* _YOUR ASSIGNMENT_:
In the listing below, find the line holding "为进一步提高大学生心理健康知" and the line holding "Vassalli Skinny Leg". Write out those two lines and all lines between, exactly, and nothing more.

* _DATA RECORDS_:
--- START ---

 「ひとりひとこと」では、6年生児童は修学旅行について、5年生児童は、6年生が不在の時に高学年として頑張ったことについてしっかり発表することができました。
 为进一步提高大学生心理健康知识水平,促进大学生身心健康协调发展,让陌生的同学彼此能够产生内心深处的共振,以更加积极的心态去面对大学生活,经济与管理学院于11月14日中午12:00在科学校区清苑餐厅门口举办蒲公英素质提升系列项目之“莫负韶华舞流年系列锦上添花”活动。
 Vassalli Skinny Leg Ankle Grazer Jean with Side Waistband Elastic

--- END ---
--- START ---

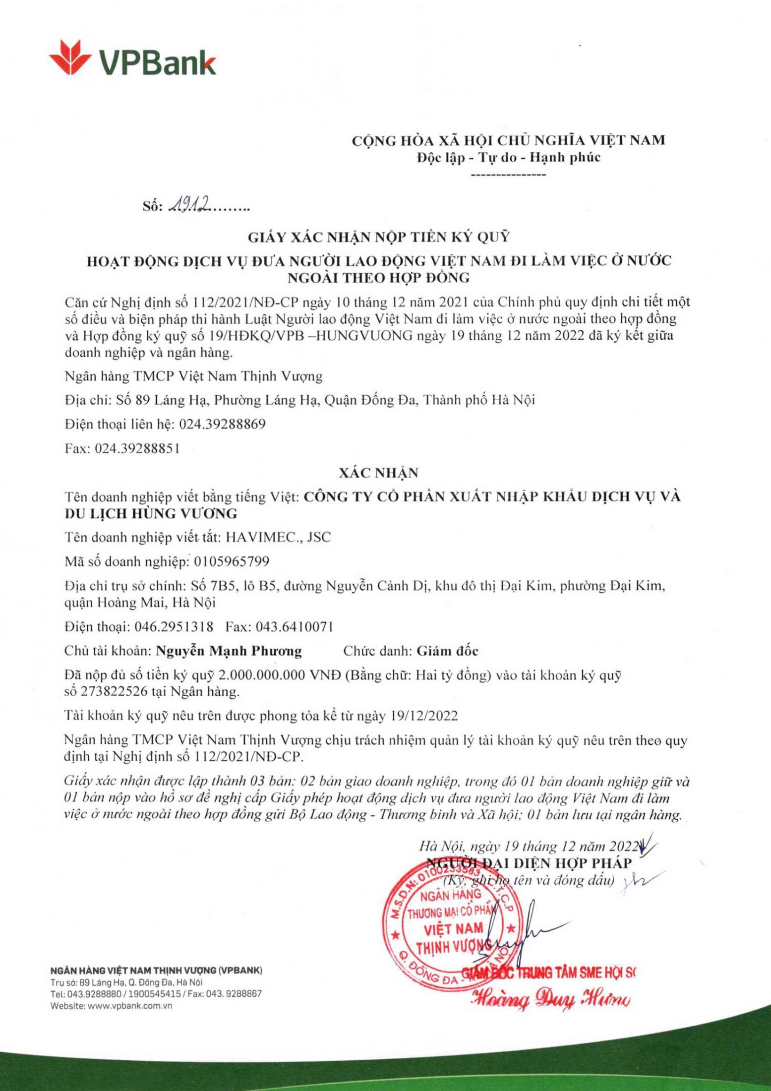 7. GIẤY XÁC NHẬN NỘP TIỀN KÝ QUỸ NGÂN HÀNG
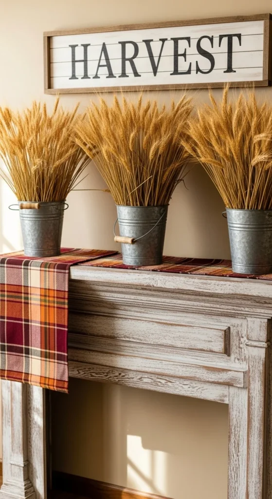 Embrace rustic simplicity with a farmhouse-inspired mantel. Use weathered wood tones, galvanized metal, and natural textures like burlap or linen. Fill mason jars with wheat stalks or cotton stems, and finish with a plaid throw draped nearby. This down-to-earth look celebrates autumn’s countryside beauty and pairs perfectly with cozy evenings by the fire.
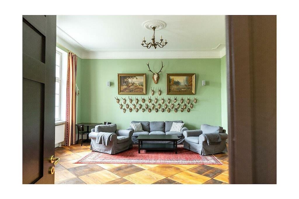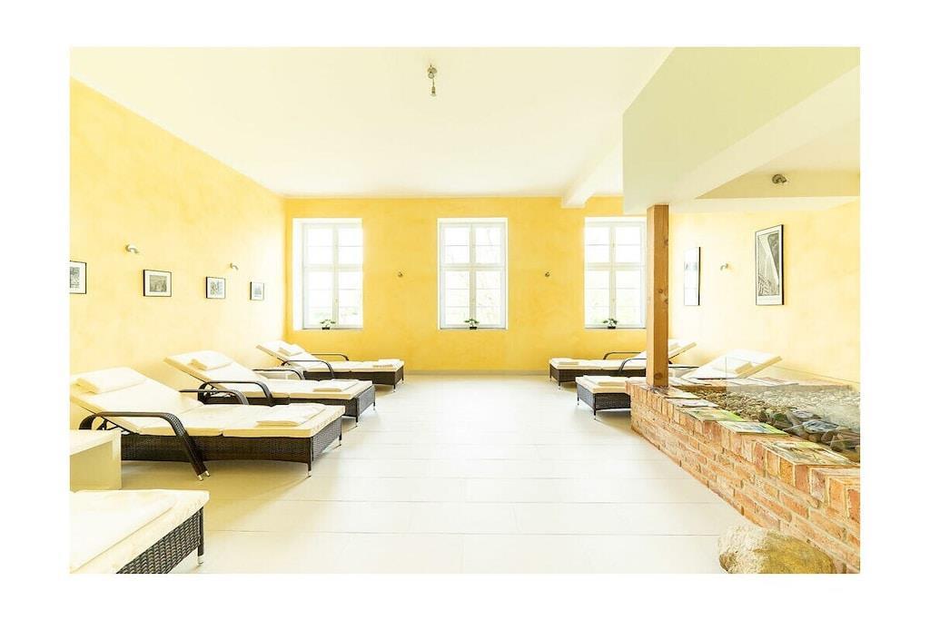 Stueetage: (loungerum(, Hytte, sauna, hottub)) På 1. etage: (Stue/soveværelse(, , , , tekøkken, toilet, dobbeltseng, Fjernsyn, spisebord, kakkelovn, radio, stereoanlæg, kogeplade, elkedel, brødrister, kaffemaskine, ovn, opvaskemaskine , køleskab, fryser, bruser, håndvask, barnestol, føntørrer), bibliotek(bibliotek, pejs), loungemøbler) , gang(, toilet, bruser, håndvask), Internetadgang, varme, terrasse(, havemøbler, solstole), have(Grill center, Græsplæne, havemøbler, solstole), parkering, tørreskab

--- END ---
--- START ---

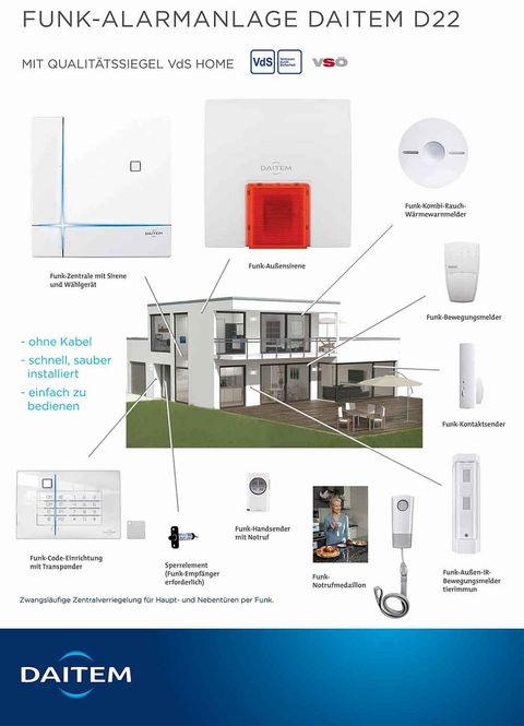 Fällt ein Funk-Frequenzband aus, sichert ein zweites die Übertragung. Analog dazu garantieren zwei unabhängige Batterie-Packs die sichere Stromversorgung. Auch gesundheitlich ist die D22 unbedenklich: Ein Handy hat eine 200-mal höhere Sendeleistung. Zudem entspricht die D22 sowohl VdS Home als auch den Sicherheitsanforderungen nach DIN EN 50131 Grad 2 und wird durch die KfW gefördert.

--- END ---

* _WRITTEN REPLY_:
 为进一步提高大学生心理健康知识水平,促进大学生身心健康协调发展,让陌生的同学彼此能够产生内心深处的共振,以更加积极的心态去面对大学生活,经济与管理学院于11月14日中午12:00在科学校区清苑餐厅门口举办蒲公英素质提升系列项目之“莫负韶华舞流年系列锦上添花”活动。
 Vassalli Skinny Leg Ankle Grazer Jean with Side Waistband Elastic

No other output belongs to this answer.